--- YOUR ASSIGNMENT ---
Once the line with "高エネルギーボールミル Emax" has been located in the records below, set down that line and all subsequent lines exactly, omitting the pictures.

--- AVAILABLE DATA ---
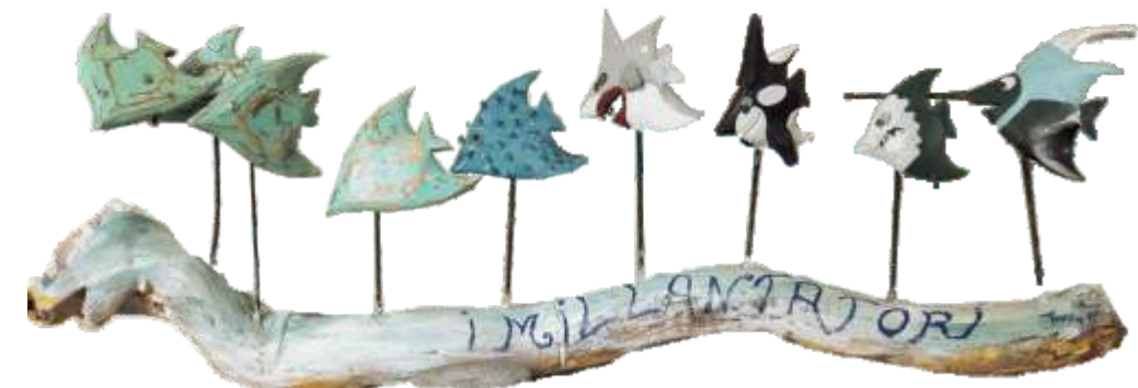
Il tuo stile
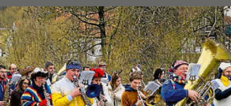
Umzug aus Kindergar- tenkindern und Eltern in Stetten
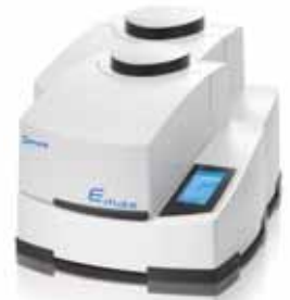
高エネルギーボールミル Emax

こちらに掲載の機器はもちろん他にも多数デモ機を取り揃えております。ご希望の方は下に掲載しているお申し込み手順に沿ってお申し込みください。
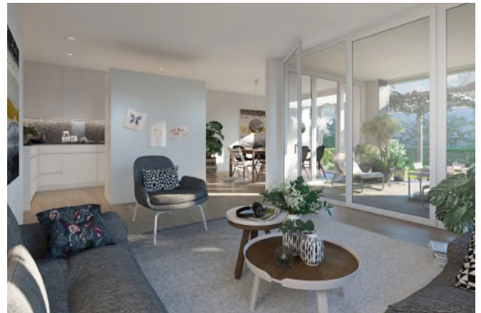
Matma Immobilien AG
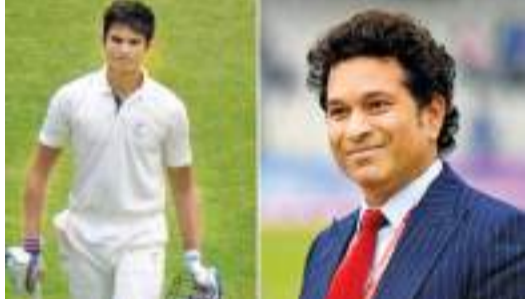
அணிக்காக களமிறங்கியபோது அந்த ஆட்டத்தில் சதம் பெற்றார் என்பது குறிப்பிடத்தக்கது. 2013 ஆம் ஆண்டு சர்வதேச கிரிக்கெட் போட்டிகளில் இருந்து சச்சின் ஓய்வுபெறும்போது டெஸ்ட் போட்டிகளில் 51 சதம் மற்றும் ஒருநாள் சர்வதேச போட்டிகளில் 49 சதம் என சரியாக 100 சதங்களே பெற்றார் என்பது குறிப்பிடத்தக்கது.

சச்சின் டெண்டுல்கரின் மகன் ஆர்ஜன் டெண்டுல்கர் தனது தந்தையின் பாணியில் தனது கன்னி முதல்தர போட்டியிலேயே சதம் பெற்றுள்ளார். ராஜஸ்தான் அணிக்கு எதிரான போட்டியில் கோவா அணிக்காக 23 வயதான ஆர்ஜன் 207 பந்துகளில் 120 ஓட்டங்களை பெற்றுள்ளார். பிரதான பந்துவீச்சாளராக இருக்கும் ஆர்ஜன் ஏழாவது வரிசையில் களம் நிற்கி மூன்று இலக்க ஓட்டங்களை பெற்றதன் உதவியோடு கோவா அணி ரஞ்சி கிண்ண போட்டியில் 8 விக்ரெட்டுகளை இழந்து 493 ஓட்டங்களே பெற்றது. 1988இல் சச்சின் தனது 15 வயதில் கன்னி முதல் தர போட்டியில் மும்பை

--- FINAL ANSWER ---
高エネルギーボールミル Emax

こちらに掲載の機器はもちろん他にも多数デモ機を取り揃えております。ご希望の方は下に掲載しているお申し込み手順に沿ってお申し込みください。
Matma Immobilien AG
அணிக்காக களமிறங்கியபோது அந்த ஆட்டத்தில் சதம் பெற்றார் என்பது குறிப்பிடத்தக்கது. 2013 ஆம் ஆண்டு சர்வதேச கிரிக்கெட் போட்டிகளில் இருந்து சச்சின் ஓய்வுபெறும்போது டெஸ்ட் போட்டிகளில் 51 சதம் மற்றும் ஒருநாள் சர்வதேச போட்டிகளில் 49 சதம் என சரியாக 100 சதங்களே பெற்றார் என்பது குறிப்பிடத்தக்கது.

சச்சின் டெண்டுல்கரின் மகன் ஆர்ஜன் டெண்டுல்கர் தனது தந்தையின் பாணியில் தனது கன்னி முதல்தர போட்டியிலேயே சதம் பெற்றுள்ளார். ராஜஸ்தான் அணிக்கு எதிரான போட்டியில் கோவா அணிக்காக 23 வயதான ஆர்ஜன் 207 பந்துகளில் 120 ஓட்டங்களை பெற்றுள்ளார். பிரதான பந்துவீச்சாளராக இருக்கும் ஆர்ஜன் ஏழாவது வரிசையில் களம் நிற்கி மூன்று இலக்க ஓட்டங்களை பெற்றதன் உதவியோடு கோவா அணி ரஞ்சி கிண்ண போட்டியில் 8 விக்ரெட்டுகளை இழந்து 493 ஓட்டங்களே பெற்றது. 1988இல் சச்சின் தனது 15 வயதில் கன்னி முதல் தர போட்டியில் மும்பை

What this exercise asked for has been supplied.